Вполне в духе эзотеризма рефлексию души и своего религиозного опыта Августин оборачивает в сакральное и наоборот. Например, окончательный выбор в пользу Бога Августин объясняет тем, что Бог его «выкупил»: «Я решил пред очами Твоими не порывать резко со своей службой, а тихонько отойти от этой работы языком на торгу болтовней… уйти, как обычно, в отпуск, но не быть больше продажным рабом: я был Тобой выкуплен»[11]. В этом же ключе можно понять и замечание Неретиной. «Повторим, — пишет она, — через исследование внутренних интеллектуальных суждений, представлений, через анализ того, что есть органы чувств, память, образы, через проблематизацию времени, слова Августин показывает бытие Бога»[12].

Но эзотеризм был формой, сущность же творчества Августина в нашей интерпретации сводится к построению схем и образов средневековой личности, ориентированной на Священное Писание и работу по перестройке ветхого человека.

Особенностью средневековой личности является конкретная диалектика свободы и необходимости, суть которой состояла в признании в рамках корпоративных отношений и веры в Бога личной свободы человека.

Наметив схемы и образы средневековой личности, Августин, с одной стороны, создал условия для конституирования и формирования этой личности, с другой — принципиальную возможность ее мыслить. Действительно, становление личности предполагает формирование самостоятельного, личностного поведения человека (как я подчеркнул, в специфически средневековом смысле). В свою очередь, самостоятельное поведение невозможно без особой семиотики и представлений, задающих «образ себя». Схемы и образы средневековой личности, намеченные Августином, как раз и выполняют эту функцию, т. е. задавали «образ себя», с помощью которого средневековый человек начинает строить самостоятельное поведение и устанавливать отношения с другими людьми и властью. На основе этих схем и образов средневековый человек также осознает себя и рассуждает по поводу себя, получая новые знания.

Анализ рассмотренного материала позволяет различить «становление» личности и ее «существование» (функционирование), а также обсудить особенности средневековой личности. В «Исповеди» Августин рассказывает, как он приходит к христианству, что я могу охарактеризовать именно как «становление» личности. Августин вспоминает, что все его друзья и близкие, начиная с любимой матери, приходили к христианству и это не могло не влиять, заставляя «верить в Бога еще до веры». Пытаясь поверить в Бога, Августин проделал огромную работу, переосмысляя свои обыденные представления.
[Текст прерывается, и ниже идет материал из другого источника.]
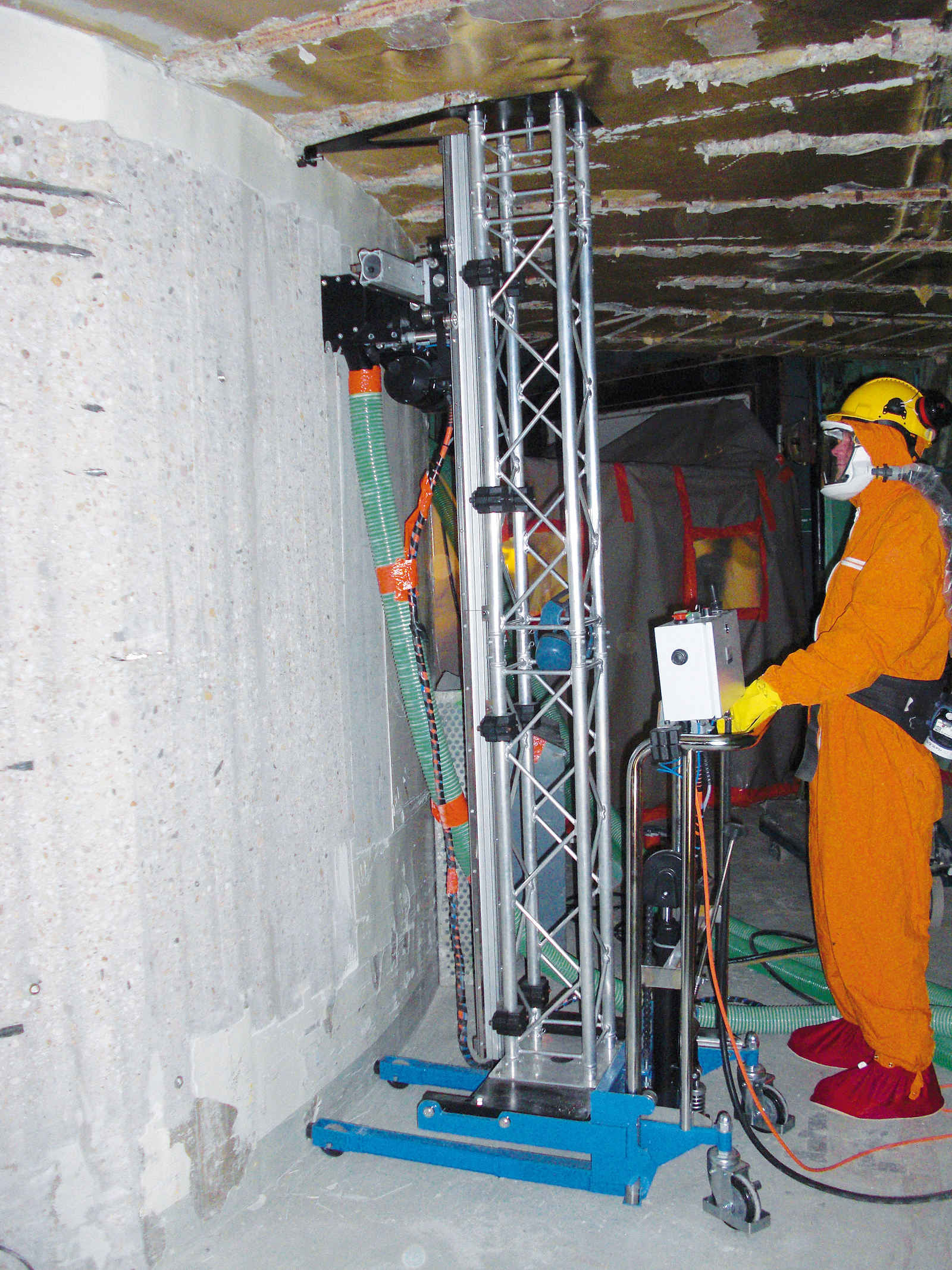 Als Grundmodell der Dekontaminationstechnik wurde ein bestehender Geräteaufbau für den emissionsarmen Abtrag von asbesthaltigen Beschichtungen gewählt. Dieser wurde im Vorfeld anhand eines CAD-Modells des Reaktorgebäudes an die Begebenheiten im Inneren angepasst. Dabei wurde das Fräswerkzeug für den Betonabtrag neu entwickelt und die Motoren und Bausteile verstärkt, um die höheren Belastungen zu beherrschen.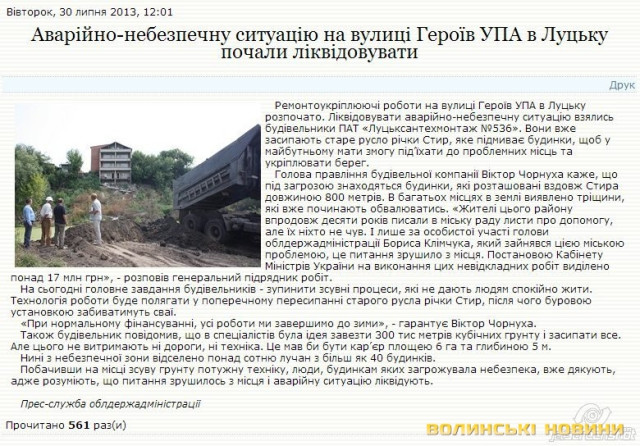 «Після зміни русла Стиру частина нинішньої вулиці Героїв УПА у Луцьку, в районі Вишкова, опинилася над урвистим берегом. Цьогорічна зима прискорила процес руйнування. В одному місці розмоклий ґрунт зсунувся. Там, де нещодавно був плавний схил, довелося побачити різке урвище. Тріщини пішли вздовж берега. Навіть той клапоть, на якому ми стоїмо, раніше чи пізніше поповзе у воду», - саме таку картину довелося побачити кореспонденту Волині-нової торік у квітні.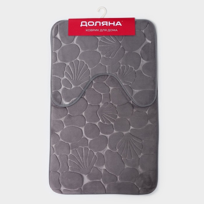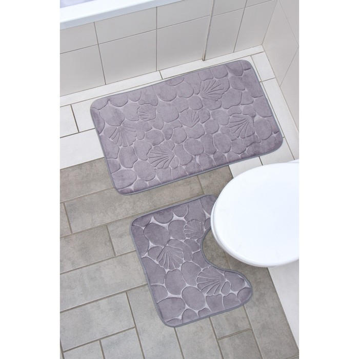 Коврики для ванной и туалета Доляна «Галька, ракушки», 2 шт., 40×50 см, 50×80 см, серые

Он научился символически и аллегорически истолковывать тексты Священного Писания, редуцировал образ Бога сначала к эфирному всепроникающему бесконечному существу, затем к бестелесному образу — условию творения всего и истине. («Я оглянулся, — пишет Августин, — на мир созданный и увидел, что Тебе обязан он существованием своим и в Тебе содержится, но по-иному, не так, словно в пространстве; Ты, Вседержатель, держишь в руке, в истине Твоей, ибо все существующее истинно, поскольку оно существует»[13].) Нашел Августин и место злу, которое не от Бога, а есть то, что с Богом не согласуется. Перечитывая «Исповедь» не один раз, я прошел шаг за шагом вслед за Августином и понял, как идея Творца, сначала для него совершенно неприемлемая и неправдоподобная, постепенно становилась все более понятной и необходимой и, в конце концов, превратилась в реальность, в которой нельзя было усомниться.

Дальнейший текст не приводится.